Les Fleurs enchantées 

2014 | 12’00 | opus 173 | éditions Maison Ona

pour trois flûtes et support audio

• Dédié au Trio d'Argent en hommage à Jean-Philippe Rameau

• Commande du Trio d'Argent

• Création aux Lilas, Le Triton, le 13 novembre 2014 par Michel Boizot, François Daudin Clavaud et Xavier Saint-Bonnet

« Les géomètres même s'en mêlèrent ; ils louaient les calculs immenses qu'ils avaient faits pour trouver moyen de parcourir dans les airs de violon toutes les différentes combinaisons d'un ré ou d'un mi, avec les autres notes. Il est vrai que cet air n'avait point de chant, et dans cette musique contrainte et si pénible à composer, rien ne coulait de source, nul génie ne les animait, ils fuyaient la nature et le sentiment. […] La plupart des spectateurs s'écrièrent que les instruments étaient faux, leurs sons faisaient peine aux oreilles les moins délicates ; on leur déclara dogmatiquement que c'était des dissonances faites exprès et le chef-d'œuvre de l'art […]. On parcourait tous les tons avec rapidité, les dissonances prodiguées sans cesse ; quelquefois on s'obstinait à rebattre deux notes pendant un quart d'heure, beaucoup de bruit, force fredons. Et lorsque par hasard il se rencontrait deux mesures qui pouvaient faire un chant agréable, l'on changeait bien vite de ton, de mode et de mesure ; toujours de la tristesse au lieu de tendresse, le singulier était baroque, la fureur du tintamarre ; au lieu de gaité, du turbulent, et jamais de gentillesse, ni rien qui put aller au cœur. » [Lettre de M.*** sur l'origine de la musique, Mercure de France, mai 1734. Critique écrite peu après la création de Hippolyte et Aricie de Jean-Philippe Rameau]

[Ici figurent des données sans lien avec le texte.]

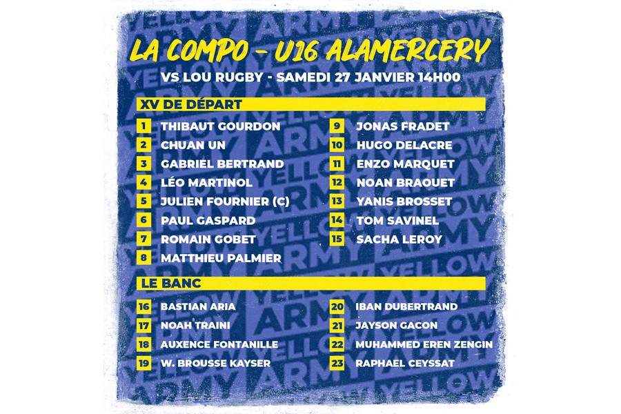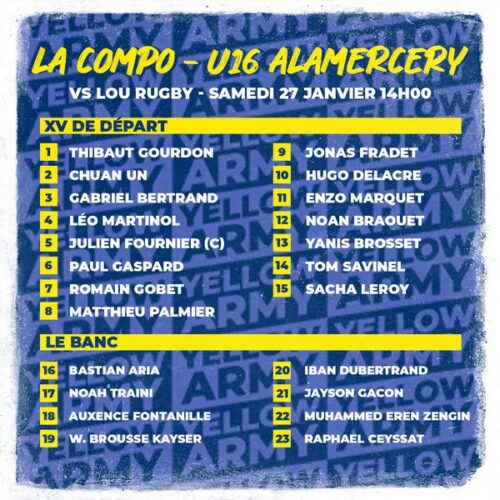 Nos jeunes, premiers de groupe et invaincus, se déplacent à Lyon ce samedi à la plaine de Gerland pour y rencontrer le LOU dont les deux équipes occupent la seconde place.
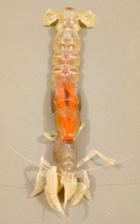pertence a família Callianassidae, apresenta indivíduos maiores atingindo aproximadamente 20 centímetros de comprimento, tendo o abdome

Si Dufour emprunte au matériau ramiste (celui de Zaïs, de Zoroastre, des Boréades, de Dardanus, de Platée…), il n’en conserve ni le langage ni les conventions d’époque. L’écoute du compositeur s’oriente d’avantage vers les figures et processus d’écriture les plus caractéristiques de son modèle, telles que répétition, balancement, attaque énergétique, rupture ou irruption impromptues, trait de virtuosité, saut de tessiture, tempi contrastés… qui forment autant de morphologies sonores dont il souligne la plasticité des profils et qu’il articule avec la même précision et la même hardiesse que dans ses ouvrages électroniques. Et quand, ici ou là, subsistent quelques citations inchangées du compositeur des Lumières, parfaitement intégrées à la partition, elles viennent nous en rappeler les audaces. Au sein de cette trajectoire étrange autant qu’inventive, faisant naître aux flûtes des charivaris d’oiseaux très animés, les haut­parleurs projettent par surprise quelques salves de “pétales argentés” – motifs de clavecin de Rameau traités par les moyens électroacoustiques – qui rehaussent ce tableau coloré et instillent une touche de Merveilleux cher aux esprits baroques. [Michèle Tosi].